Since tetanus is entirely clinical, we do not have a definition of a confirmed case. The Council of State and Territorial Epidemiologists published in 2009 the case definition of probable tetanus.
In the absence of a more likely diagnosis, an acute illness with muscle spasms or hypertonia and diagnosis of tetanus by a health care provider; or death, with tetanus listed on the death certificate as the cause of death, or a significant condition contributing to death.
The goals of treatment include: Prophylactic intubation in patients who are considered clinically to have moderate to severe symptoms. Stopping further toxin production by early source control, that is, surgical debridement, and neutralization of the unbound circulating toxin by administering TIGs are considered essential treatment steps in managing these patients.  Antimicrobial therapy is needed, preferably Metronidazole 500 mg IV every 6 h. Metronidazole was found to decrease mortality in these cases.  Control of muscle spasms is another important treatment goal with benzodiazepines and muscle relaxants. Intrathecal baclofen, a centrally acting muscle relaxant has been tested in previous studies and has shown good results, in terms of weaning from the ventilator and decreasing the need for benzodiazepine.  Management of autonomic storm using magnesium sulfate infusion. [7-8]
| Conclusion|| |
Tetanus is a rare disease in Saudi Arabia where many physicians might not see a single case in their entire practice. This uncommonness together with subtle presentations of the disease can make its diagnosis a challenge for treating physicians.

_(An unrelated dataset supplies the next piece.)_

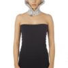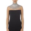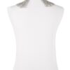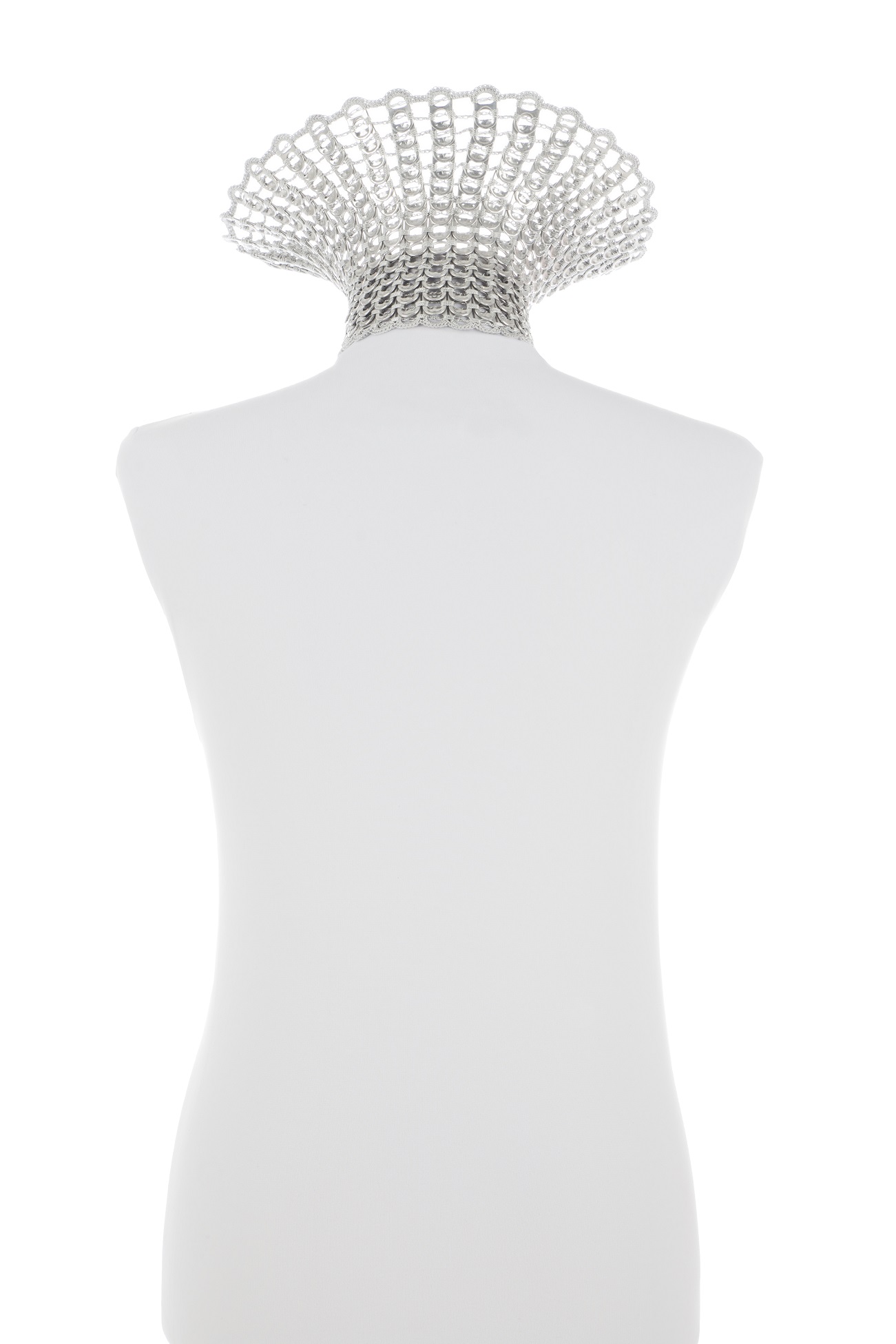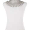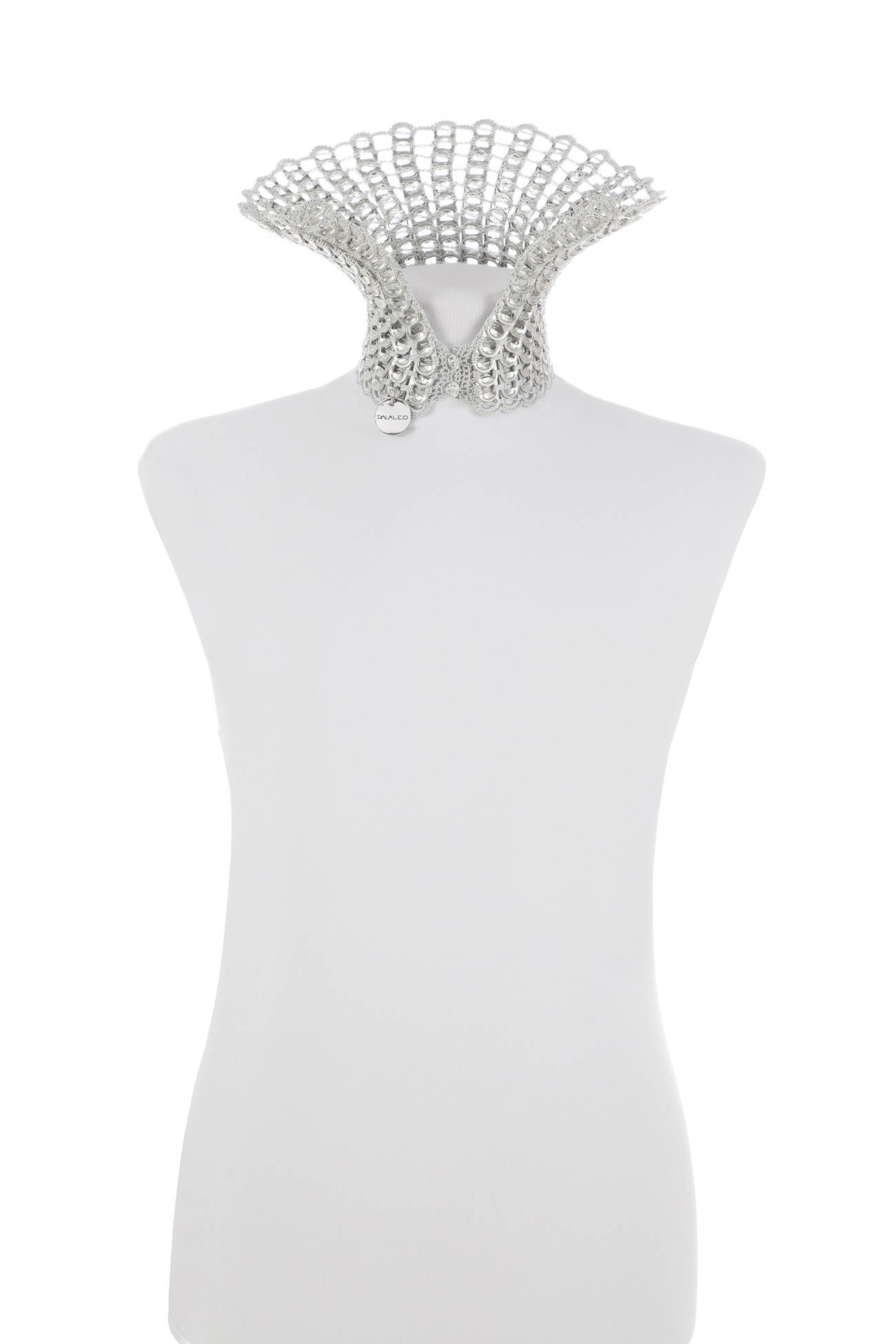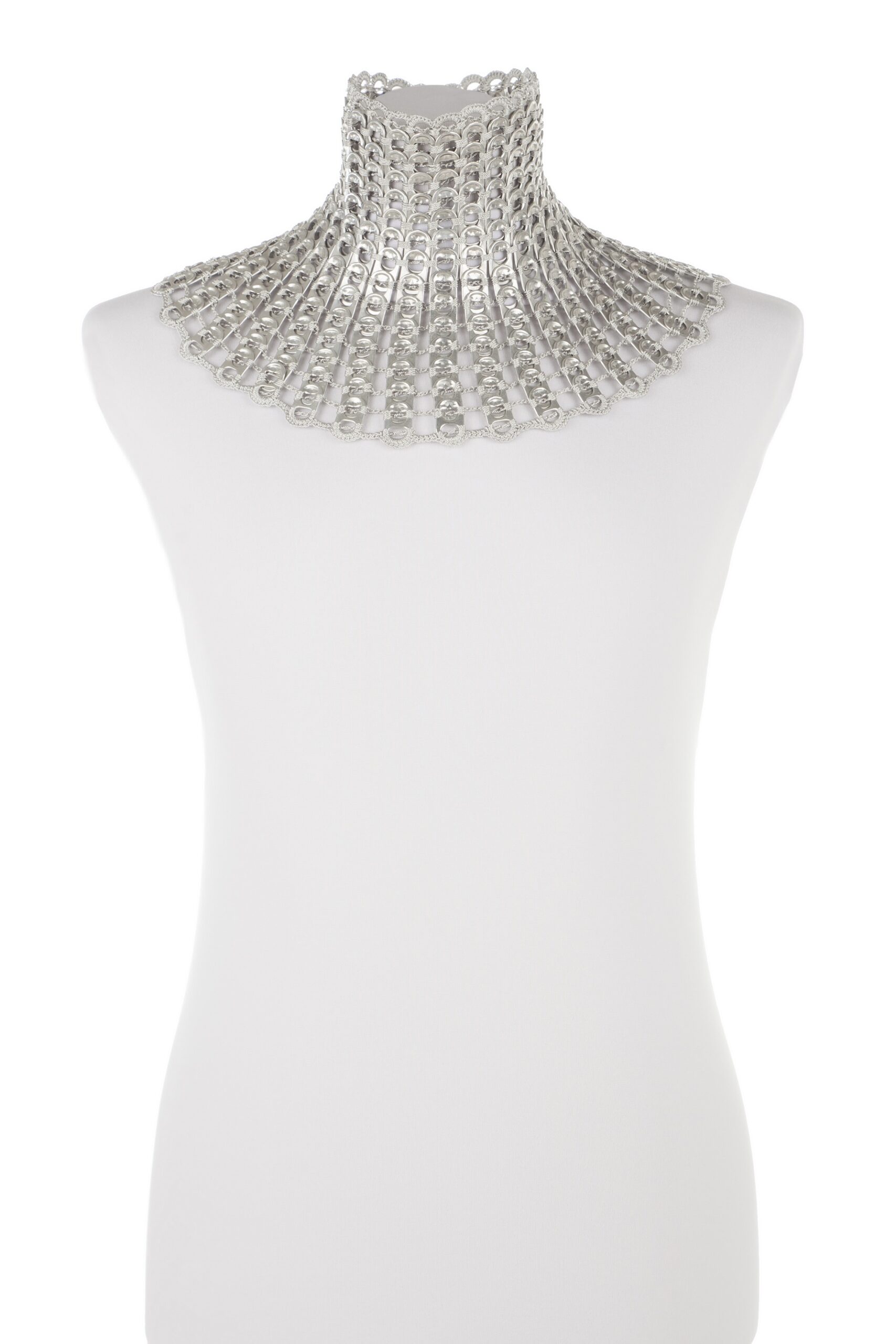 Collana realizzata a mano con linguette riciclate creata con la tecnica dell’uncinetto utilizzando filo di colore grigio chiaro. La chiusura è permessa da due bottoni gioiello in Swarovski.

Our case demonstrates that all physicians should get acquainted with the less dramatic presentations of tetanus without any apparent injury. Tetanus should be considered in every case of unexplained acute rigidity with no appropriate vaccination history. Despite available treatment options, tetanus still carries a high mortality. Early aggressive treatment and close monitoring might improve the outcome in this group of patients.